[[ RECORDS TO PROCESS open ]]

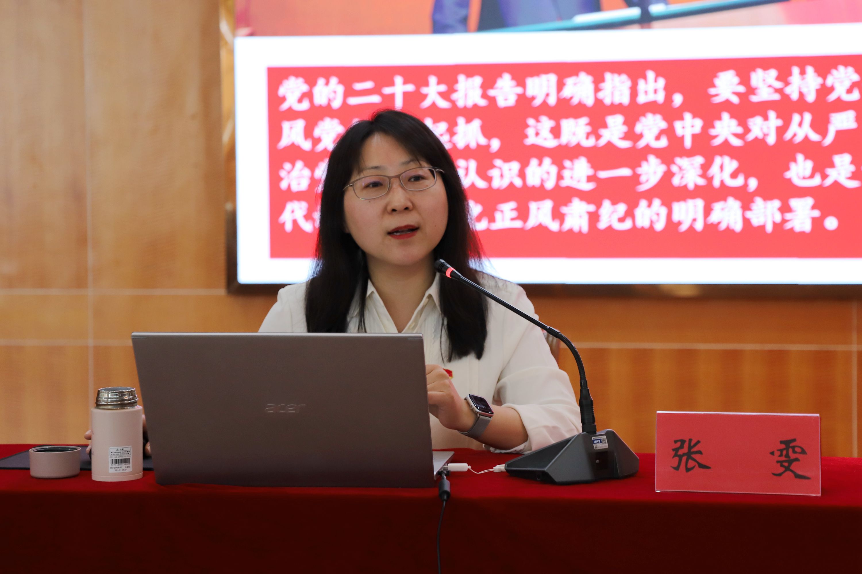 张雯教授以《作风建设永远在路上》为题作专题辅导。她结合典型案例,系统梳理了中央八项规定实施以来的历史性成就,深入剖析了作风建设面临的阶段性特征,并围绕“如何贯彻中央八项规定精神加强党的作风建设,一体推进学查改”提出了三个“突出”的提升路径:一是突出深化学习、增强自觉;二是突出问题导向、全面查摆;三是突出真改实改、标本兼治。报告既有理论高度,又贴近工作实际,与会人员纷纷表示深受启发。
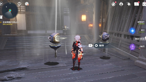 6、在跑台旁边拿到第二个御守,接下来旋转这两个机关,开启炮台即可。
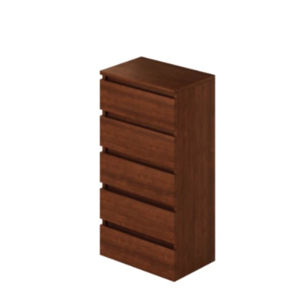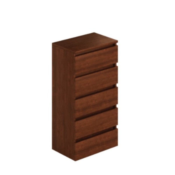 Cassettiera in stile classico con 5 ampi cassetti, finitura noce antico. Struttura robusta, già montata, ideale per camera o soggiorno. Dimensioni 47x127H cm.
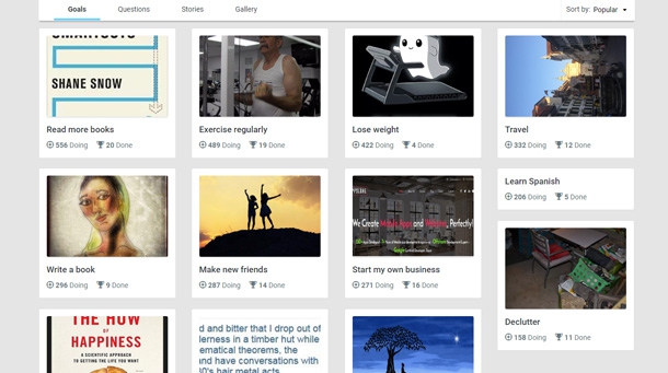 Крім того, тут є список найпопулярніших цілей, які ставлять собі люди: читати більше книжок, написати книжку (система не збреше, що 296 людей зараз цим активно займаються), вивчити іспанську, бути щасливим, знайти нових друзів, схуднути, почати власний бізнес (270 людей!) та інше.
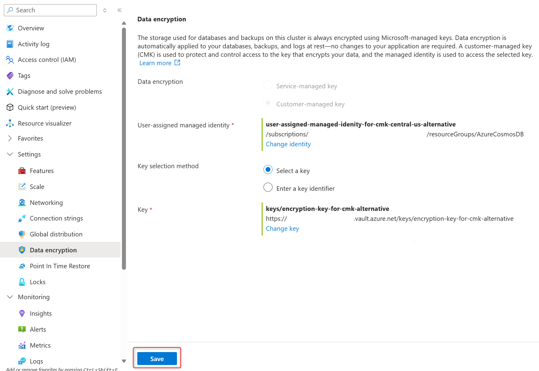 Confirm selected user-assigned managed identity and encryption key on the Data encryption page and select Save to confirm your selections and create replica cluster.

[[ RECORDS TO PROCESS closed ]]

PROBLEM TO WORK ON:
Copy the data word for word, no pictures.

WRITTEN SOLUTION:
 张雯教授以《作风建设永远在路上》为题作专题辅导。她结合典型案例,系统梳理了中央八项规定实施以来的历史性成就,深入剖析了作风建设面临的阶段性特征,并围绕“如何贯彻中央八项规定精神加强党的作风建设,一体推进学查改”提出了三个“突出”的提升路径:一是突出深化学习、增强自觉;二是突出问题导向、全面查摆;三是突出真改实改、标本兼治。报告既有理论高度,又贴近工作实际,与会人员纷纷表示深受启发。
 6、在跑台旁边拿到第二个御守,接下来旋转这两个机关,开启炮台即可。
 Cassettiera in stile classico con 5 ampi cassetti, finitura noce antico. Struttura robusta, già montata, ideale per camera o soggiorno. Dimensioni 47x127H cm.
 Крім того, тут є список найпопулярніших цілей, які ставлять собі люди: читати більше книжок, написати книжку (система не збреше, що 296 людей зараз цим активно займаються), вивчити іспанську, бути щасливим, знайти нових друзів, схуднути, почати власний бізнес (270 людей!) та інше.
 Confirm selected user-assigned managed identity and encryption key on the Data encryption page and select Save to confirm your selections and create replica cluster.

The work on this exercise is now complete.